Football Stories
Today 30 years ago in 1989 three players of the East German football club Wismut Aue were getting ready to escape from the DDR. These players were: Andrè Köhler, Jens König and Thomas Weis.
In this article:
COVER Image
Wismut Aue playing BFC Dynamo in 1989 (German Federal Archive, ADN-ZB-Grimm-4.3.89-hko).

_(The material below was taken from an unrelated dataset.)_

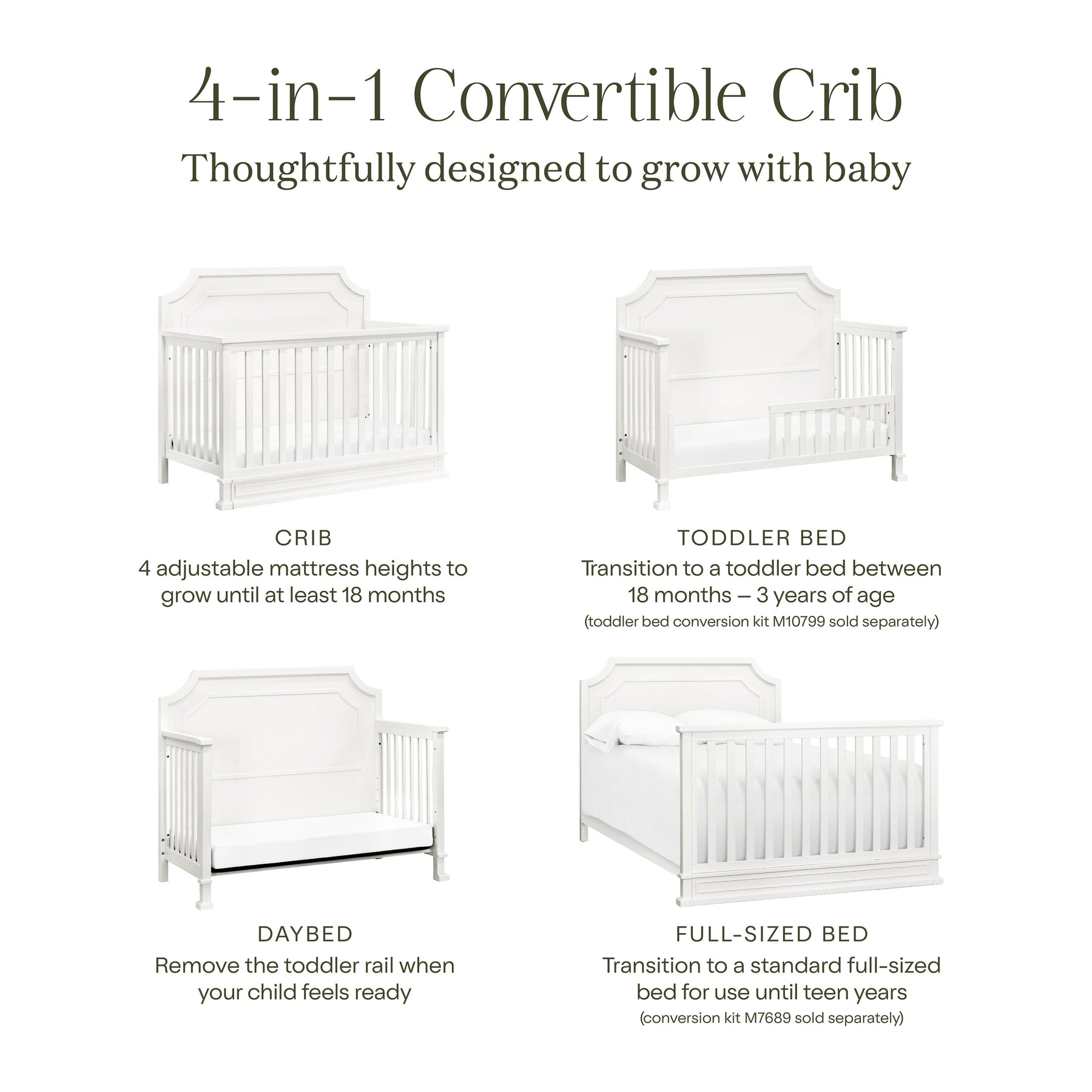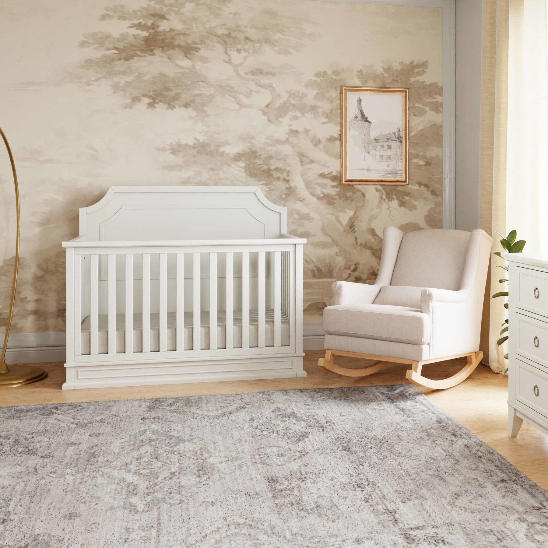 An heirloom inspired piece that exudes the glamour of Hollywood’s iconic golden age and the romance of classic architecture detailing, The Emma Regency 4-in-1 Crib is the perfect focal point in any classic nursery. The stylish Emma features a bold geometric headboard with crescent cut detailing and a flush crib front for a dramatic presence. This sumptuous crib converts to a toddler bed, daybed, and full-size bed.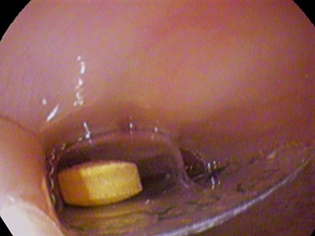 Foreign bodies (FBs) in the ear, nose, or throat are extremely common emergency presentations to ENT teams. Foreign bodies in the ear or nose are more common in children, people with learning difficulties, or those with psychiatric disorders. Oesophageal soft foreign bodies are seen in older people or in patients with oesophageal disorders. Whilst ear FBs do not tend to cause serious complications, aspirated or ingested FBs can lead to life-threatening airway compromise or oesophageal perforation if left unmanaged. Clinical Features The approach taken for a FB will depend on where the suspected foreign body is located. From the history, it is important to clarify the nature of the object*, the timing of ingestion or insertion, and any previous history of FB insertion. For ear foreign bodies, ask about any pain or discharge from the ear, and any associated hearing loss For nose foreign bodies, ask about issues with breathing and about any nasal discharge For ingested foreign bodies, clarify specifically the nature of the object, whether sharp (e.g. a fish bone) or soft (e.g. cooked meat); check for any dysphagia, including if the patient is able to swallow saliva *Organic materials (e.g. food or live objects) need to be removed more urgently than non-organic materials (e.g. plastic), as organic materials can cause tissue oedema and swelling, making it more difficult to remove with time; any live insects in the ear should be drowned in oil; Examination will be dependent on where the suspected foreign body is located. For the ear, direct visualisation of the FB is usually possible with otoscopy, whilst for the nose, use an age-appropriate Thudicum speculum (size 0 or 1 for children, 2 or 3 for adults) and a head-torch or otoscope is usually required. For FB in the pharynx, visual examination of oropharynx can be attempted using a Lack’s tongue depressor and head-torch. Palpate for points of tenderness on the neck (and assess whether this moves on swallowing), as well as for surgical emphysema. A flexible nasal endoscopy (FNE) is usually required as an adjunct for examination to visualise the pharynx, especially if not visible on initial assessment. Red Flags for Foreign Bodies The important red flags for any patient presenting with a foreign body include: Any signs of airway compromise, such as stridor, dysphonia, or drooling Any signs of oesophageal perforation, such as chest pain, back pain (mediastinitis), features of sepsis, or surgical emphysema Any history of button battery ingestion Differential Diagnosis There will usually be a clear history of foreign body ingestion, but the top differential for a suspected ingested FB is a food bolus, particularly if the patient is unsure whether they ate anything with bones. Occasionally, patients presenting with ear infections (particularly otitis externa) for several weeks may have placed a foreign body in the ear and may be unaware of it – cotton buds are common culprits. Insidious unilateral nasal discharge may be due to a foreign body, however if this occurs in an older patient, malignancy must be considered. Investigations No further investigations are usually required for nose and ear FBs. If there is a moderate clinical suspicion of an ingested foreign body, initially a plain film radiograph lateral soft-tissue neck can be performed, however this has poor sensitivity (around 57%) and specificity (around 76%). Plain film radiographs can be used to assess for the foreign body (if radio-opaque), the presence of surgical emphysema, any widening of retropharyngeal tissue (approximate measurements are >7mm at C2, >22mm at C7), or loss of cervical lordosis If plain films do not show anything, however clinical suspicion remains, a CT neck can be performed to further assess the area (sensitivity near 100%). Additionally, a plain film chest radiograph (CXR) can be performed to assess for any mediastinal widening, which is a red flag sign. Samir at English Wikipedia / CC BY (https://creativecommons.org/licenses/by/3.0) Figure 1A Plain Film Chest Radiograph of a Coin in the Oesophagus of a Child Management The urgency of FB removal depends entirely on the location and nature of the FB, and the patient’s clinical status. An A to E approach should always be employed on initial assessment. For an ingested FB, if there are any signs of airway compromise, proceed as for a patient with stridor. Button batteries can erode and cause irreversible caustic burns, therefore any button battery ingested must be removed immediately. Ears Ear foreign bodies can be removed using an array of instrumentation, such as microsuction with a Zoelner sucker, crocodile forceps, Jobson-Horne probes, or wax hooks If the FB is medial against the tympanic membrane or simply it cannot be removed, patients can be safely discharged home with a view to removing the foreign body under general anaesthesia (unless a button battery in which case immediate removal is needed), whilst organic materials will often need urgent removal. Nose Nose FB management is similar to that for ear FB, however emergency removal under GA should be performed if the patient is distressed or any signs of breathing difficulty. If unable to remove or unsure if the FB is present, consent and work-up for examination under anaesthesia and removal. Throat If the FB is visualised in the oropharynx and the patient can tolerate the procedure, removal may be attempted using Magill forceps and laryngoscope, with adequate local anaesthetic. Flexible nasendoscopy can be used to aid visualisation of the oropharynx whilst removing the foreign body. Otherwise, removal should be attempted with endoscopy under general anaesthesia (either via pharyngoscopy / laryngoscopy or rigid oesophagoscopy). The urgency of endoscopy is outlined below: Emergency endoscopy Any red flag signs Any sharp or long (>5cm) object in the oesophagus Urgent endoscopy (within 24 hours) Oesophageal obstruction (unable to swallow saliva) Blunt oeso

Getting on board the ferry
The players were preparing for an Intertoto-cup match against Örgryte Is in Gothenburg, Sweden. Just hours before kick off, the trio walked out of the hotel the team was staying at under the excuse of buying leather jackets in a store nearby. Instead of returning to the hotel the three players boarded the ferry to Kiel in West Germany. Köhler, König and Weiss were not the first footballers to defect from GDR. Other famous footballers to defect include Jürgen Sparwasser, the World Cup hero from 1974, Jörg Berger and Lutz Eigendorf. The former went on to have a successful career as a coach in the Bundesliga, while the latter died in a car crash under suspicious circumstances, possibly involving the State Security (Stasi), in 1983. Not only footballers defected from GDR. From 1949 until the fall of the Berlin Wall in 1989, more than 3,8 million inhabitants defected to the west. Hope of a better life with political freedom in the west was the main reason behind the defections.
Changing realities
For the trio from Wismut Aue the reason behind their defection was the dream of playing in the Bundesliga. Four months after their defection the Berlin Wall came down. For Köhler and Weiss the dream of playing in the Bundesliga became reality. König on the other hand ended up going back to play for Aue. How did life turn out for the millions of others who defected and how has the fall of the Berlin wall changed peoples’ life in Germany?